> TASK PROMPT: Your reply should contain the whole listing below, repeated exactly, and no images.

> DATA SHOWN:
········

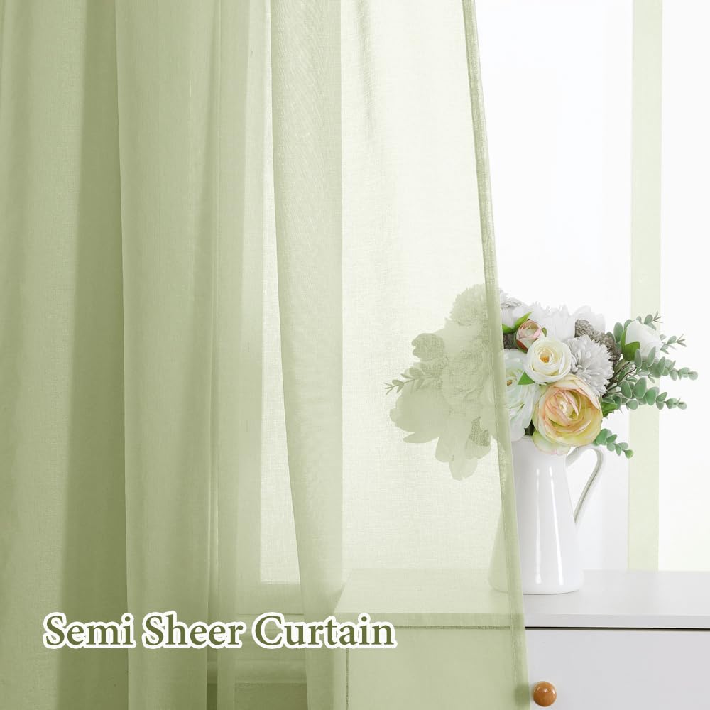 Miulee Sage Green Linen Textured Sheer Curtains For Bedroom Living Room, Semi Transparent Farmhouse Window Treatment Drapes With Rod Pocket 2 Panels W 54 X L 108 Inches Long Spring Decor
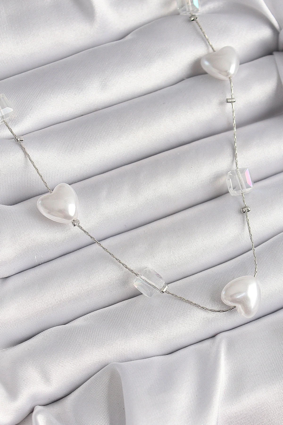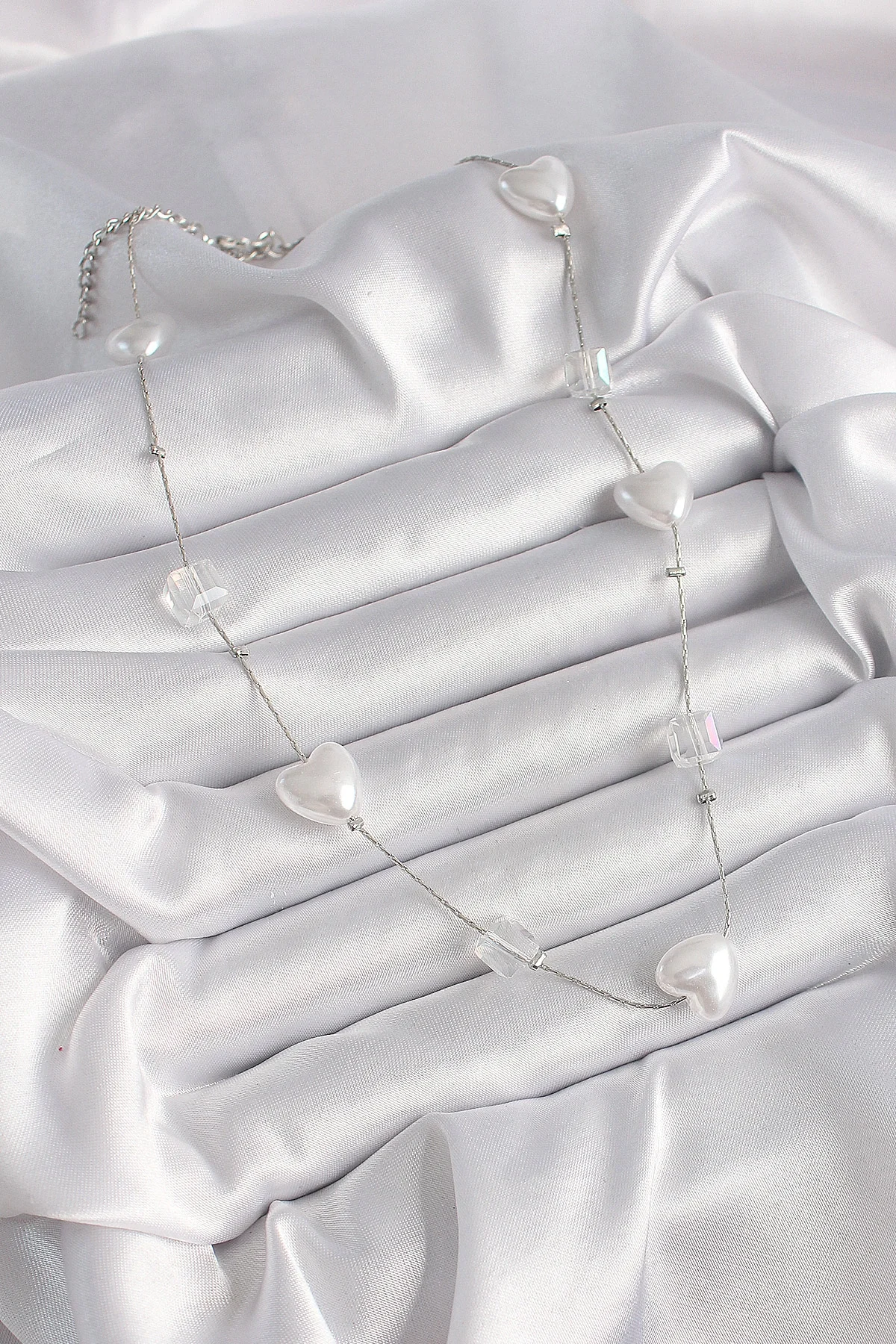 Pirinç Gümüş Renk Beyaz İnci Kalp Model Kadın Kolye
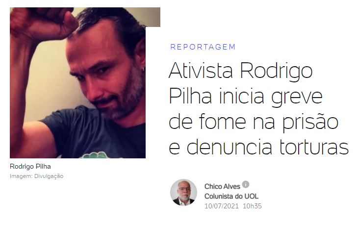 Coletivo Botando Pilha em campanha para denunciar a prisão arbitrária do ativista Rodrigo Pilha que iniciou Greve de Fome na noite da última sexta-feira, 09, denunciando prisão arbitrária mesmo com liberdade autorizada continua mantido como Preso Político. Conheça toda história aqui.
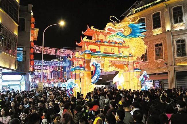 在小公园核心区的5条街道,满满的侨乡“国际范”扑面而来,主办方选取新加坡、马来西亚、泰国、柬埔寨、阿联酋5个潮汕华侨聚居国家的标志性建筑和特色物产,设计主题特色花灯,打造特色异国风情街。此外,活动还嵌入灯会集市、古风巡游、非遗体验、元宵灯谜、舞龙、英歌展演等沉浸互动环节,全面展示汕头浓厚的历史底蕴和独特的民俗文化。

········

> ANSWER BELOW:
 Miulee Sage Green Linen Textured Sheer Curtains For Bedroom Living Room, Semi Transparent Farmhouse Window Treatment Drapes With Rod Pocket 2 Panels W 54 X L 108 Inches Long Spring Decor
 Pirinç Gümüş Renk Beyaz İnci Kalp Model Kadın Kolye
 Coletivo Botando Pilha em campanha para denunciar a prisão arbitrária do ativista Rodrigo Pilha que iniciou Greve de Fome na noite da última sexta-feira, 09, denunciando prisão arbitrária mesmo com liberdade autorizada continua mantido como Preso Político. Conheça toda história aqui.
 在小公园核心区的5条街道,满满的侨乡“国际范”扑面而来,主办方选取新加坡、马来西亚、泰国、柬埔寨、阿联酋5个潮汕华侨聚居国家的标志性建筑和特色物产,设计主题特色花灯,打造特色异国风情街。此外,活动还嵌入灯会集市、古风巡游、非遗体验、元宵灯谜、舞龙、英歌展演等沉浸互动环节,全面展示汕头浓厚的历史底蕴和独特的民俗文化。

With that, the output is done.